Feinstein, the oldest person serving in the U.S. Senate, is grappling with these legal issues as she continues her recovery from serious health issues that followed her husband’s death. Her extended absence from the Senate earlier this year created headaches for Democrats because of their slender majority in that chamber — namely because her vote was needed to approve President Biden’s judicial picks both in committee and on the Senate floor. The logjam that ensued led a coalition of 60 liberal California grass-roots groups to call for her resignation.

But many of her colleagues at the Capitol defended her, and there was no groundswell of calls among California voters for her to step down before she returned in May. Former House speaker Nancy Pelosi (D), a fellow Californian from the Bay Area and longtime friend of Feinstein’s, suggested sexism was at play, noting that a number of male senators had not been asked to leave office when they faced similar circumstances.

Still, Feinstein’s office has long faced questions about her medical condition and her ability to fulfill her duties.

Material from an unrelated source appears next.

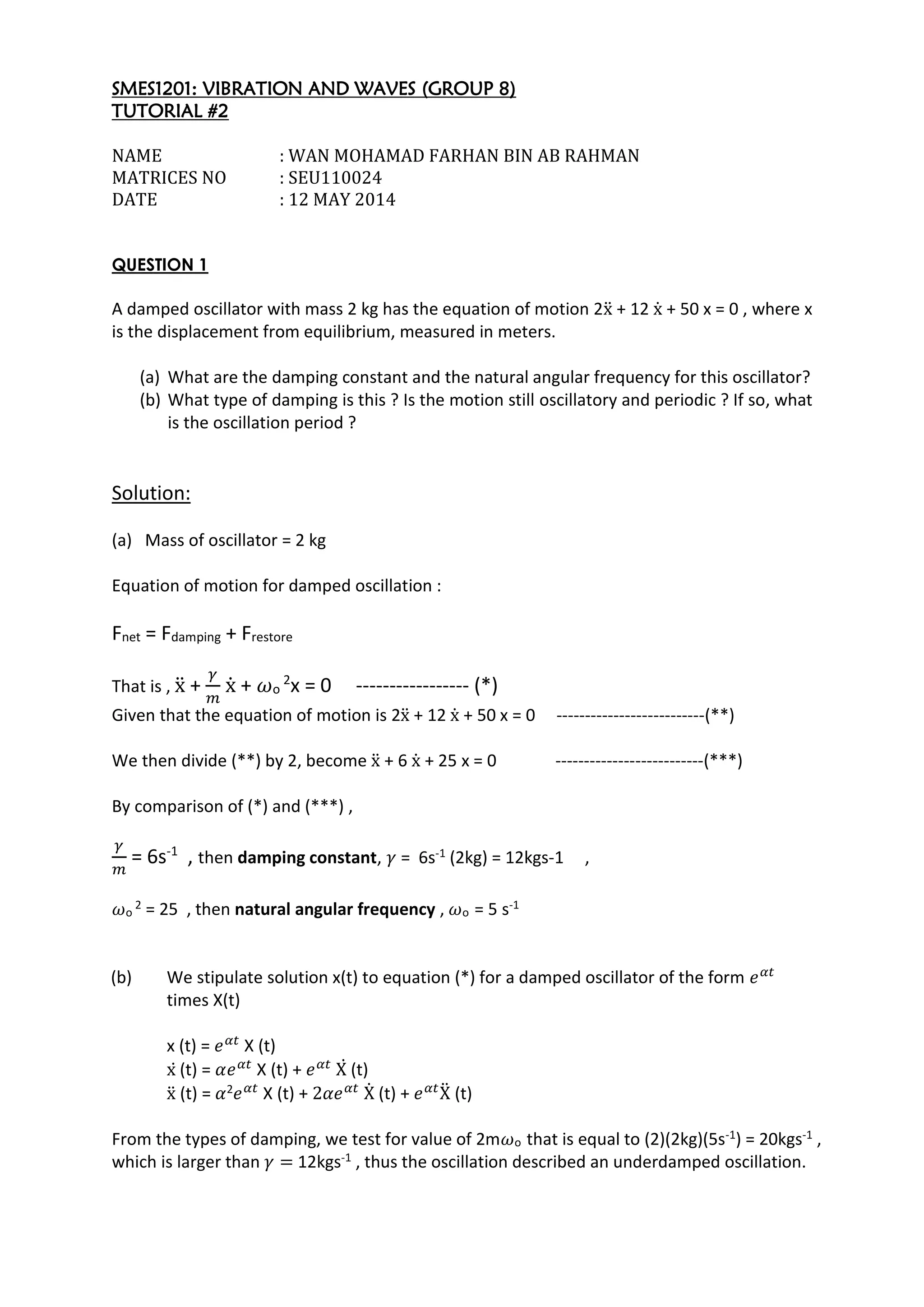 Question 1 involves finding the damping constant, natural frequency, and oscillation period for a damped oscillator. Question 2 determines the period and natural frequency of a damped block-spring system.

The California senator was hospitalized in February with shingles and was then absent from the Senate for more than two months as she recovered from complications, including encephalitis, or swelling of the brain. In hallway interviews and congressional proceedings on Capitol Hill, she has appeared confused by questions at times and seemed to struggle with her vision and memory.

And most recently, last week her office said she was taken to the hospital after falling at her home in San Francisco and returned home after tests cleared her.

Russell, the spokesperson for her office, said the senator is expected to return to Capitol Hill when Congress returns from recess in September.

Amy B Wang and Maeve Reston contributed to this report.